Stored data
::::::::

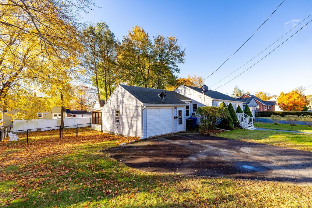 Welcome to this delightful 2-bedroom, 1-bath ranch, perfectly tucked away at the end of a quiet cul-de-sac with a beautiful, fully fenced private yard! Bursting with charm and thoughtful updates, this well-maintained home invites you in with a bright, sunny living room that flows effortlessly into the updated eat-in kitchen-showcasing gleaming granite countertops, stainless steel appliances, and a stylish backsplash. Both bedrooms feature warm hardwood floors and ceiling fans for year-round comfort. Enjoy true peace of mind with extensive upgrades and improvements throughout: a new boiler and oil tank, newer roof, new baseboards, updated windows, a sump pump, and a security system. Custom blinds add a polished finish, while the beautifully landscaped perennial garden brings color and curb appeal in every season. Love to relax or entertain? The sun-screened porch is your happy place-perfect for morning coffee, evening unwinds, or hosting friends on those magical summer nights. Outside, the spacious, fully fenced backyard offers exceptional privacy, with this home being the very last on the block-an ideal setting for play, pets, or peaceful outdoor living. An extended driveway and walkway lead to the convenient one-car attached garage. All this, and you're just moments from shopping, restaurants, major highways, and everyday amenities-making life easy and enjoyable. This charming gem blends comfort, convenience, and character-and it's truly move-in ready. Welcome home!
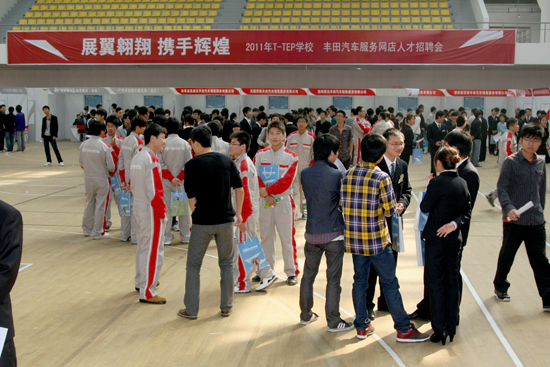 一汽丰田汽车销售有限公司、广汽丰田汽车有限公司、丰田汽车(中国)投资有限公司旗下华东区的36家以汽车销售及售后服务为主要业务的汽车经销商(服务网点企业)参加了本次招聘会,为学院汽车工程系2009级丰田班和非丰田班学生提供了包括销售顾问、维修、服务接待、钣金、喷漆等就业实习岗位440多个。
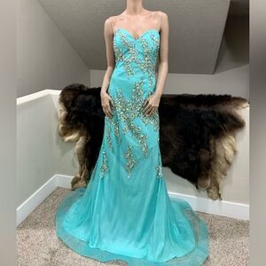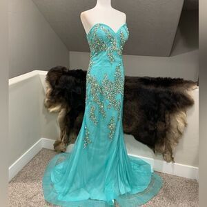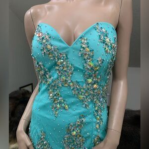New Stunning Strapless Heavily Jeweled Gown/All-over Crystal Beads and Sequins
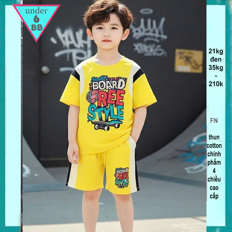 Quần áo bé trai in chữ phối màu cực sang mang phong cách cá tính cho bé diện đi chơi , đi du lịch
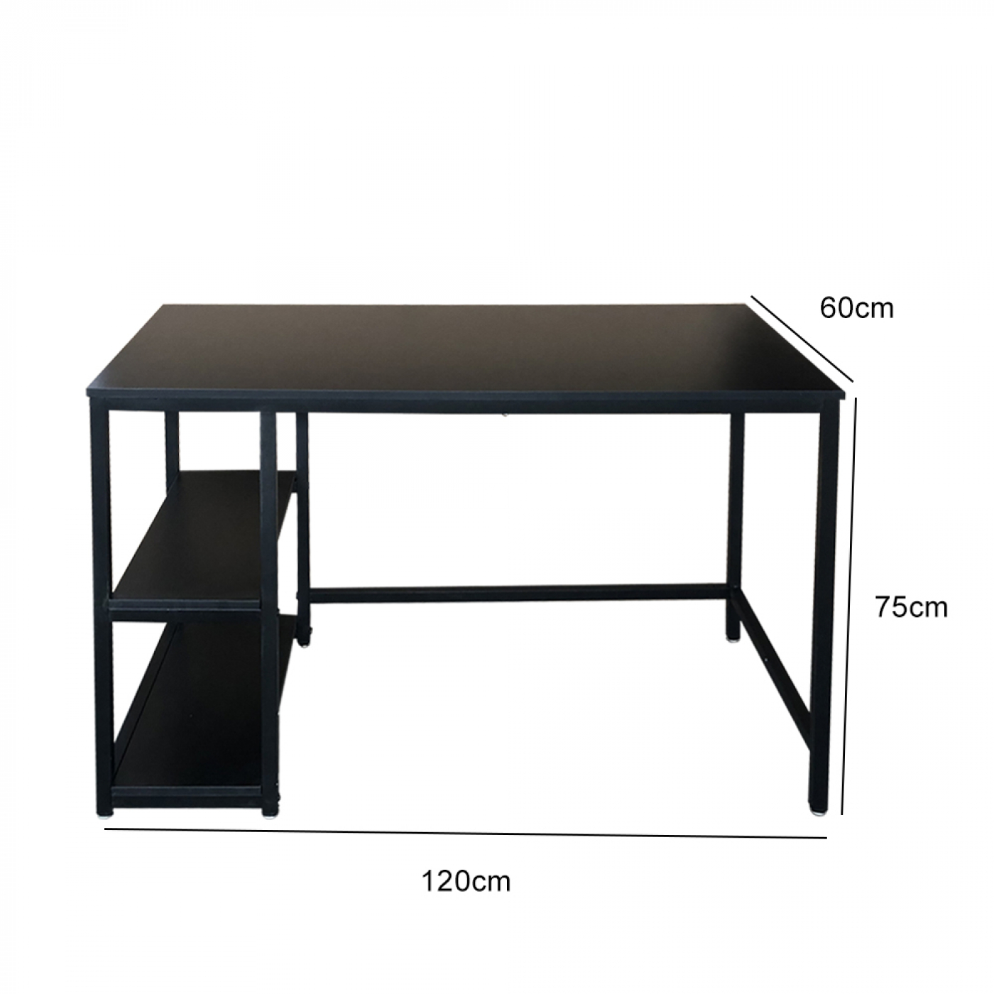 Een mooi stevig in industrieel look geproduceerd bureau computertafel met een zwart metalen frame met een zwart tafelblad en twee extra opbergplanken voot het plaatsen van uw computer printer uw ordners of andere items die u snel bij de hand wilt hebben. Dit werk buro of computer bureau is ontworpen voor elke ruimte in uw woning uw kantoor of werkkamer en zal een echte blikvanger zijn. Erg stevig en stabiel met een werkblad van breed 120 cm x diep 60 cm. Afmetingen totaal bureau is breed 120 cm x diep 60 cm x hoog 75 cm. Levering inclusief handleiding en benodigde montage materialen.

::::::::

Problem to solve
The entries are to be written out again exactly, without their pictures.

Written answer
 Welcome to this delightful 2-bedroom, 1-bath ranch, perfectly tucked away at the end of a quiet cul-de-sac with a beautiful, fully fenced private yard! Bursting with charm and thoughtful updates, this well-maintained home invites you in with a bright, sunny living room that flows effortlessly into the updated eat-in kitchen-showcasing gleaming granite countertops, stainless steel appliances, and a stylish backsplash. Both bedrooms feature warm hardwood floors and ceiling fans for year-round comfort. Enjoy true peace of mind with extensive upgrades and improvements throughout: a new boiler and oil tank, newer roof, new baseboards, updated windows, a sump pump, and a security system. Custom blinds add a polished finish, while the beautifully landscaped perennial garden brings color and curb appeal in every season. Love to relax or entertain? The sun-screened porch is your happy place-perfect for morning coffee, evening unwinds, or hosting friends on those magical summer nights. Outside, the spacious, fully fenced backyard offers exceptional privacy, with this home being the very last on the block-an ideal setting for play, pets, or peaceful outdoor living. An extended driveway and walkway lead to the convenient one-car attached garage. All this, and you're just moments from shopping, restaurants, major highways, and everyday amenities-making life easy and enjoyable. This charming gem blends comfort, convenience, and character-and it's truly move-in ready. Welcome home!
 一汽丰田汽车销售有限公司、广汽丰田汽车有限公司、丰田汽车(中国)投资有限公司旗下华东区的36家以汽车销售及售后服务为主要业务的汽车经销商(服务网点企业)参加了本次招聘会,为学院汽车工程系2009级丰田班和非丰田班学生提供了包括销售顾问、维修、服务接待、钣金、喷漆等就业实习岗位440多个。
New Stunning Strapless Heavily Jeweled Gown/All-over Crystal Beads and Sequins
 Quần áo bé trai in chữ phối màu cực sang mang phong cách cá tính cho bé diện đi chơi , đi du lịch
 Een mooi stevig in industrieel look geproduceerd bureau computertafel met een zwart metalen frame met een zwart tafelblad en twee extra opbergplanken voot het plaatsen van uw computer printer uw ordners of andere items die u snel bij de hand wilt hebben. Dit werk buro of computer bureau is ontworpen voor elke ruimte in uw woning uw kantoor of werkkamer en zal een echte blikvanger zijn. Erg stevig en stabiel met een werkblad van breed 120 cm x diep 60 cm. Afmetingen totaal bureau is breed 120 cm x diep 60 cm x hoog 75 cm. Levering inclusief handleiding en benodigde montage materialen.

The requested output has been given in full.